Of all included children, 70% (102/146) had received at least one dose of rotavirus vaccination, with 70% (14/20) of rotavirus positive children and 85% (25/29) of norovirus positive children receiving at least one dose of rotavirus vaccine (Table 2). Norovirus positive children had also completed the full three-dose vaccination regimen in a higher extent than rotavirus positive children with 72% (21/29) of norovirus positive and 55% (11/20) of rotavirus positive having completed the full vaccination regimen. In the rotavirus positive group, 30% (6/20) had a concomitant malaria infection as compared with 17% (5/29) in the norovirus positive group and 20% (19/97) in the group with diarrhoea of other reasons (Table 2).
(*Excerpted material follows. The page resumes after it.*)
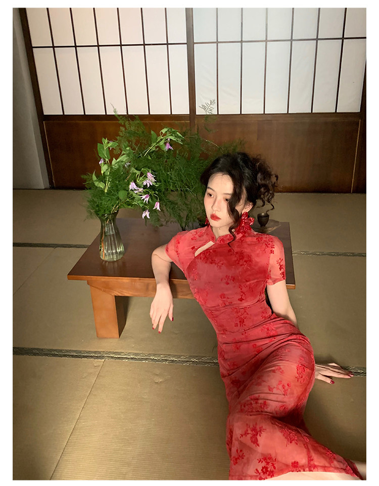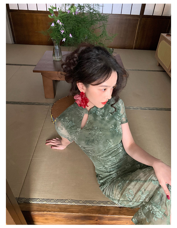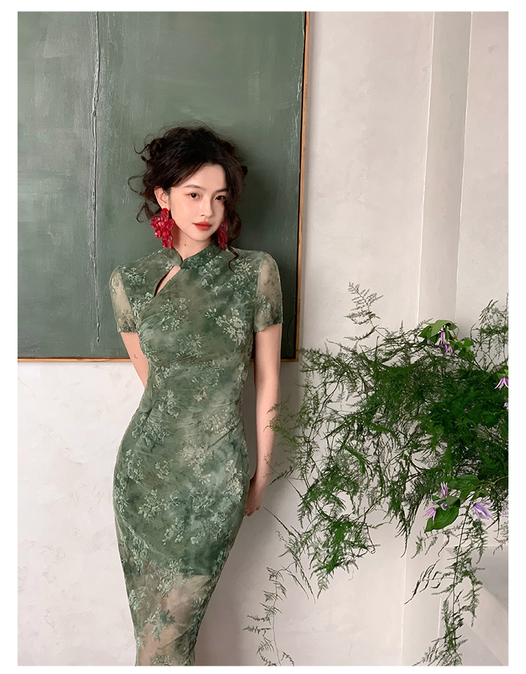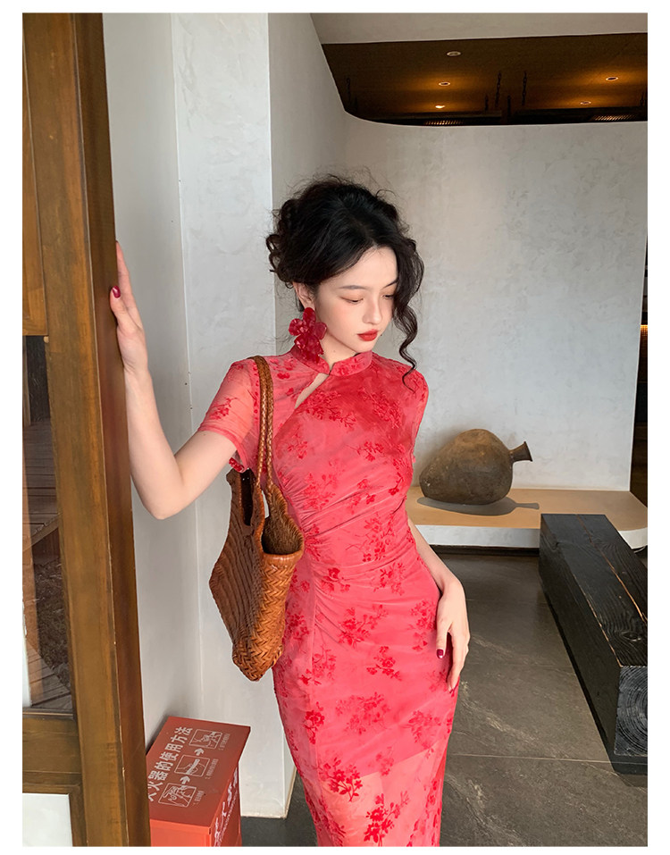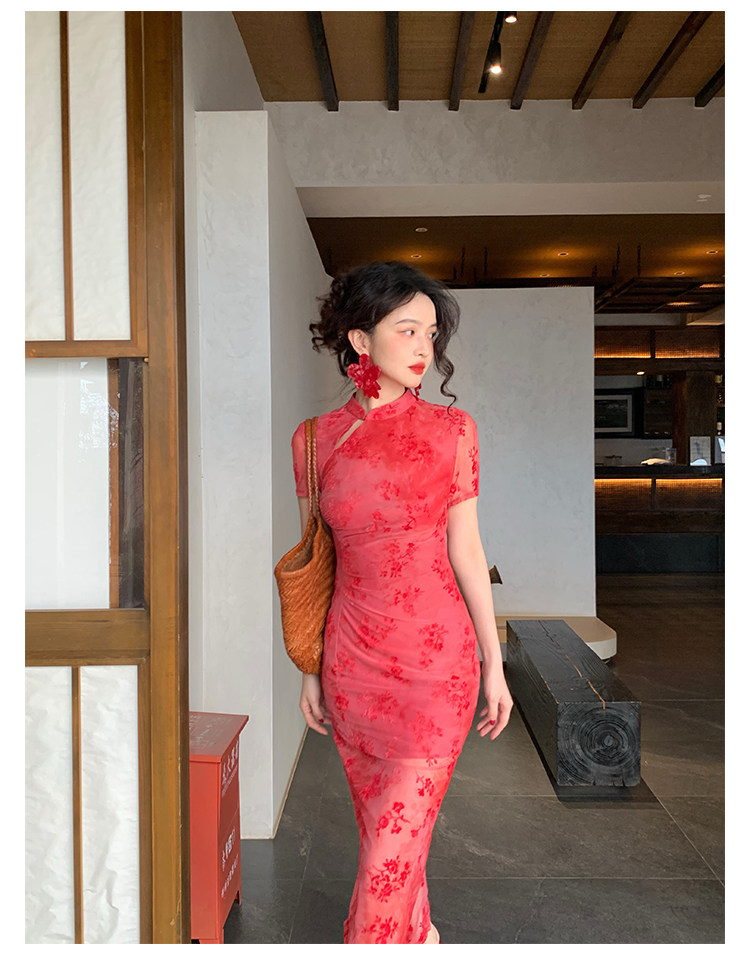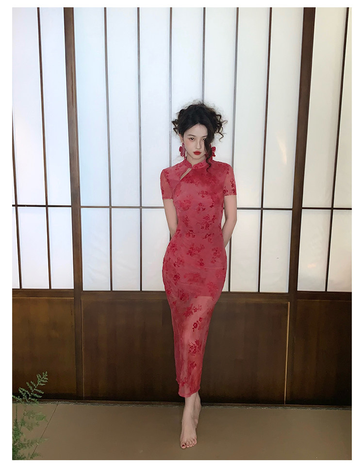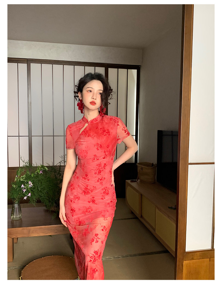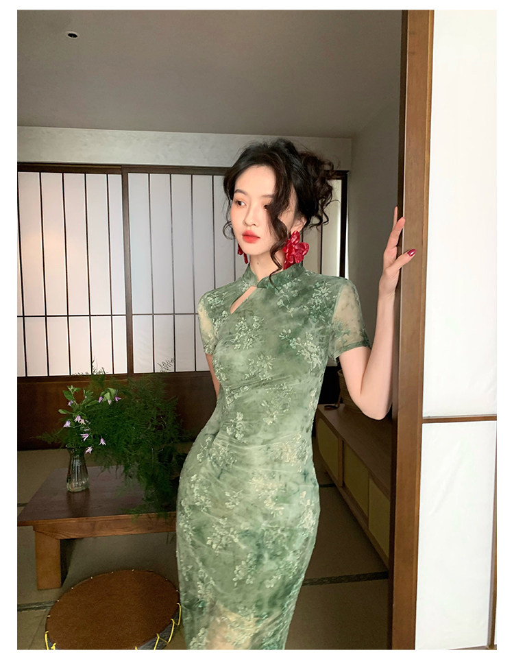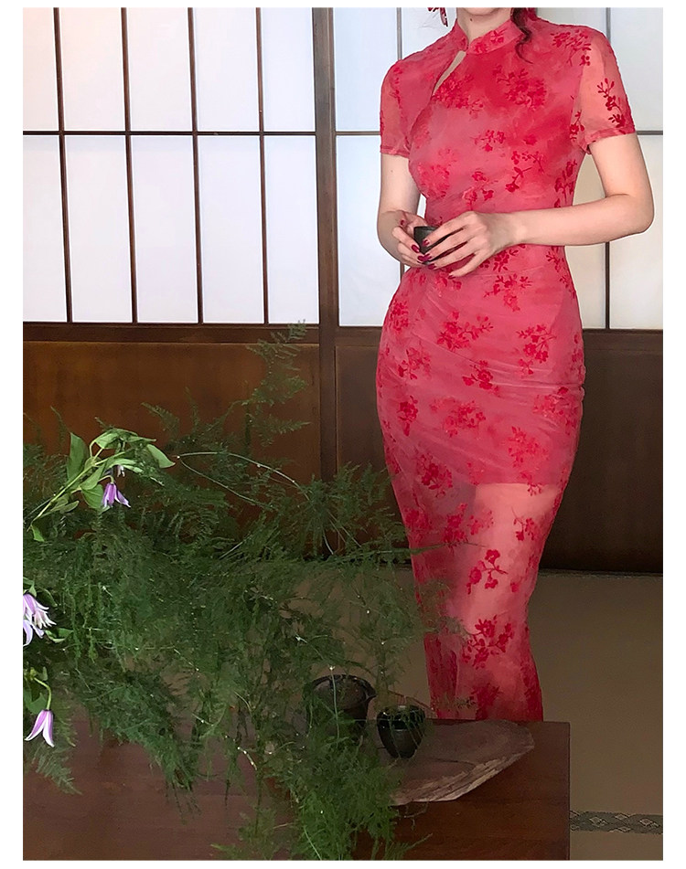 Mesh Floral Slim Cheongsam Dress

Norovirus and rotavirus positive and the group with other aetiologies were associated with fever (≥38 °C), in 86%, 90% and 82% of cases, respectively. Children positive for norovirus were significantly more likely to be severely dehydrated (severe dehydration or shock) compared with rotavirus positive children where no child was severely dehydrated (Table 2). In addition, norovirus positive children had more frequent vomiting than rotavirus positive children with a median of 4 and 3 episodes per day, respectively. Diarrhoea was also more common in norovirus positive children who had a median of 5 diarrhoeal episodes per day compared with rotavirus positive children with a median of 4 diarrhoeal episodes per day (Table 2).

Table 2. Clinical profiles of norovirus and rotavirus children <5 years with acute severe gastroenteritis

a Comparing norovirus and rotavirus positive groups.

b Fisher's exact test.

c Chi-square tests.

d 1–2 doses.

e 3 doses.

f Mann–Whitney U test.

High-genetic diversity of norovirus, with genotype GII.4 associated with more severe symptoms

Of the 29 norovirus positive samples 25 belonged to genogroup II, three belonged to genogroup I and one belonged to genogroup IX. Furthermore, 21 of the genogroup II samples, and the genogroup IX sample could be genotyped based on sequences of the N-terminal and shell region and all of these had a sequence length over 270 base pairs and were included in the phylogenetic analysis (Fig. 1). Of genogroup II, 57% (12/21) samples were of genotype GII.4, all the Sydney_2012 variant, three samples belonged to GII.6, two samples belonged to GII.3, two samples belonged to GII.12 and one sample each belonged to GII.9 and GII.14. Of the samples with genogroup I, two samples belonged to genotype GI.3 and one to genotype GI.5. Children with GII.4 genotype infections had significantly more diarrhoeal episodes (median 6 episodes) than children with non-GII.4 genotypes infections (median 4 episodes) (Table 3). The mean CT-value for samples with GII.4 was lower (25.6) compared to that of non-GII.4 (28.7), although the difference was not statistically significant. The age profile of children with GII.4 genotype was similar to children with non-GII.4 genotypes with all infections occurring in children under 2 years of age. Most norovirus positive children had fever regardless of genotype (Table 3).

Fig. 1. Phylogenetic analysis of the N-terminal and shell region (nt 1-272; ORF2) of norovirus genogroup II and IX strains in Burkina Faso January–December 2015. The tree contains most similar norovirus strains found on GenBank and norovirus strains from Burkina Faso 2013. The norovirus strains from this study are marked with filled circles. Scale bars represent the number of substitutions per site and bootstrap values are shown at branch nodes (values <70% are not shown).

Table 3. Clinical features and mean CT-values of norovirus positive children

a Chi-square tests.

b Fisher's exact test.

c Mann–Whitney U test.

d Independent samples t-test.

G2p[4] is the most common rotavirus genotype, followed by G12P[6] and G12P[8]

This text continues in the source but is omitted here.